There are many factors to speeding up stored procedures. Knowing these in advance can save you and your company many hours of headaches. Using these practices when writing procedures, you can turn your SQL Server into a fine-tuned machine.
Know your tables
The biggest way you can help SQL Server speed up your queries, is by helping it determine how to limit the result set as soon as possible. One of the biggest factors in this is in knowing the tables you are joining together.
This translates to:
- How many records are in your tables?
- What are the best ways to join your tables?
- What are the existing indexes on the tables?

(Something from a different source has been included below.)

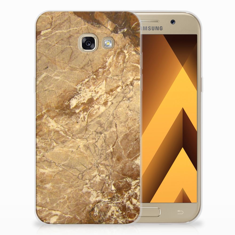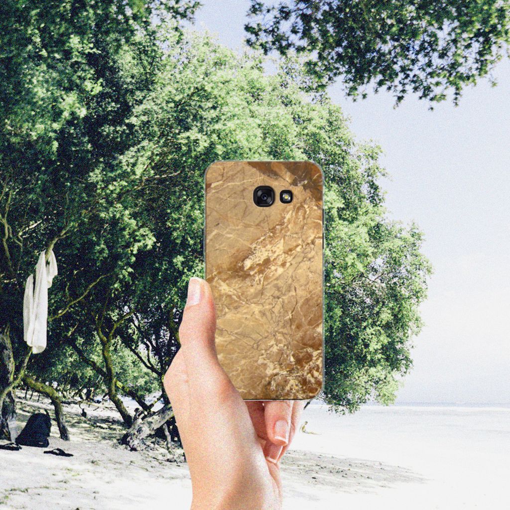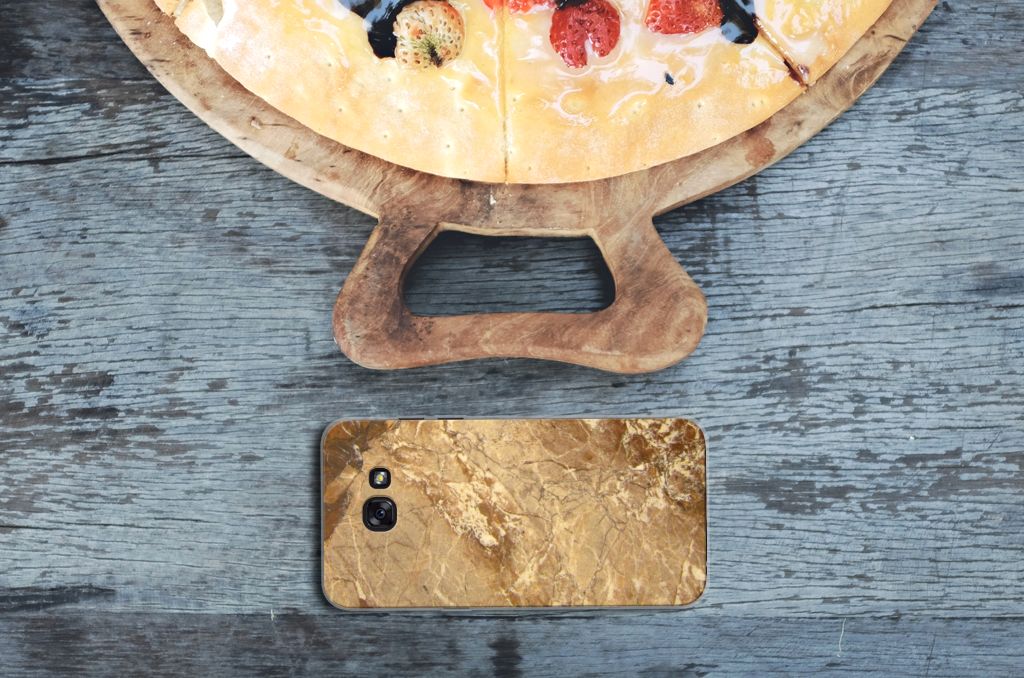 Dit design hoesje met Marmer in lichtbruine kleur is voor de artistiekelingen onder ons. De Grieken en Romeinen wisten het marmer al te waarderen door het in de bouw toe te passen. Naast het witte marmer zijn de diverse soorten marmer in een gevarieerde kleurensamenstelling te krijgen. We hebben verschillende mooie kleuren op design hoesjes gezet, zoals in dit geval het lichtbruine marmer. Dit is een Samsung Galaxy A5 2017 TPU Siliconen Hoesje met marmer in lichtbruine kleur. Het marmer wordt bedrukt op de voorkant van een tpu case, die beschikt over opstaande randen aan de voorkant en heel goed combineert met een screenprotector van glas of van folie. Door de rijkdom aan kleuren en varianties in afwerking kunnen ontwerpers met marmer schitterende architectonische projecten realiseren. Wij hebben hetzelfde gedaan en onze ontwerper veel vrijheid geboden. Het resultaat zie je terug in deze tpu case met lichtbruin marmer, die jouw smartphone goed beschermt. De zijkanten van de case worden niet bedrukt met het lichtbruine marmer.

Knowing the number of records in a table is very important. When joining tables using inner joins, you always want to join the smallest table first. Why you ask? Say you do not use a WHERE clause and you simply join three tables together. If you start your FROM clause with the largest table, then the first table SQL sees is a very large table, so it sets up an execution plan for a very large result set. Then let’s say the last of the 3 tables only has 10 records, by the time SQL visits that table it’s too late, the execution plan has been set to output 100,000 records, whereas if you specified the first table with 10 records after the FROM clause, the execution plan may be entirely different. This first table is known as the driver table.
There is a disclaimer to this. The SQL optimizer maintains statistics for all the tables, and despite the order of your joins, SQL can and will reverse these to achieve the best plan. If this is the case you say, then why join smallest first? Because the optimizer can only be so smart. You need to take the guess work away from the optimizer. I’ve seen many instances where the query got so complex that the optimizer simply utilized the join order.
From now on, you should consider writing queries using a top-down approach. Eliminate the most records by joining the smallest tables first. Also do the same in the where clause. Use the most limiting where clause statements as soon as you can.
Utilize indexes
One of the simplest ways to become a hero in your organization is to add indexes. While this is very simple, it is often overlooked. This index tutorial will help.
Find common queries
If you have a large procedure, it may be likely you also have the same query being executed multiple times. If this is the case, then instead of performing the same query multiple times, dump the results into a temp table and reference the temp table in the rest of your queries. This is critical for speed. There have been many queries I have optimized in the past that run the same query a few times in the stored procedure.
Always go SET based
This means, never use while loops or cursors. This should actually be #1 on the list, however I’m hoping you already know this. There should be no reason to use loops or cursors. It has been proven time and time again that everything can be solved using SET based methods. SET based just means a simple select statement.
Use Exists instead of JOIN
If you are doing an Inner Join to a table just to eliminate a result set, and the table you are joining is not contributing any columns to the select list, then you are creating a Worktable in the background and using extra IO resources. Use exists instead.
Avoid Distinct
The DISTINCT clause is basically a big group by. Well, it is slightly more optimal, however you get the point. Do not use this unless you can’t avoid it. If you do find yourself using it, then it is very likely you have a bad table design somewhere.
Limit the Select list
Returning too many columns can have a drastic effect on your query. Not only will it increase you chances for bookmark lookups (or key lookups), but the network and disk latency add to the query. Not to mention you will be squeezing more data into your buffer cache.
Index temp tables
Temp tables are treated just like permanent tables according to SQL. They can have indexes & statistics. The only downfall is that they often cause recompiles for the statement when the result sets differ. To counter this use table variables if you have to.
Learn execution plans
Bad times in execution include:
- table & clustered index scans
- large number of output rows – dictated by thick arrows
- parallelism
- Hash-Joins
- Sorts
- Key Lookups (bookmark lookups)
- Table spool – eager spool
Avoid poor performing techniques
CTE’s – Common table expressions
Instead of using CTE’s use temp tables. (Yeah I said it). They perform badly. They do have a good use, and that is recursion.
Table Variables
Yeah I said this too. I know some developers will give me flack for this, however I have rarely seen a table variable perform well. Yes, if you have under 1000 rows, consider it. Otherwise, I suggest #temp tables.